Most data labeling efforts demand the involvement of numerous persons, necessitating labeling documentation. Even if you’re the only one labeling the data, it’s a good idea to record your labeling criteria to ensure consistency. One challenging situation is when you decide to modify your labeling process after you’ve already tagged data. If this happens, tag “hard-to-label” instances in some way so that you can readily identify all comparable instances if you decide to modify your labeling process in the future. You should also version your dataset and tie each model with a specific dataset version.

 

How to organize a large amount of unlabelled data in your Machine Learning Project?

When you have a large amount of unlabeled data and need to pick which data to classify, active learning comes in handy. However, labeling data may be costly. Therefore keep the time spent on this process to a minimum.

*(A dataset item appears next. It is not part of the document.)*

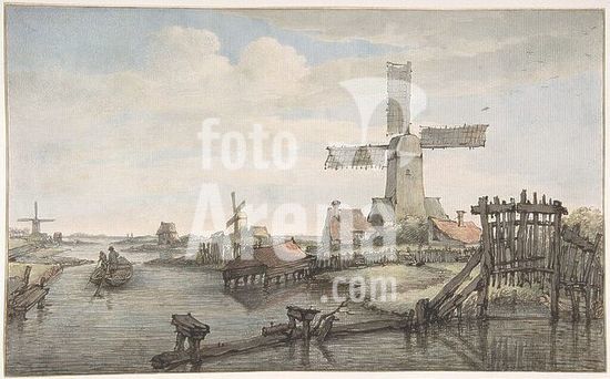 alb3681605 View of a Canal with Three Windmills. Artist: Jan Hulswit (Dutch, Amsterdam 1766-1822 Nieuwer-Amstel). Dimensions: sheet: 8 1/8 x 13 1/8 in. (20.7 x 33.4 cm). Date: late 18th-early 19th century. Museum: Metropolitan Museum of Art, New York, USA.

In contrast, if you can afford to label your whole dataset, you should probably do so. Active learning adds a new level of complication.

General Approach:

  • Begin with an unlabeled dataset and create a “seed” dataset by labeling a small selection of occurrences.
  • On the seed dataset, train the basic model.
  • Predict the labels of the unlabeled observations that remain.
  • Use the model’s forecast uncertainty to prioritize the labeling of the remaining data.

 

 How to Organize People Doing the Data Labelling for your Machine Learning Project?

Assigning humans to provide ground truth labels is costly. How can you optimize the value of your data when you have access to enormous expanses of unlabeled data and a limited labeling budget? In certain circumstances, your data may contain information that offers a noisy approximation of the correct value.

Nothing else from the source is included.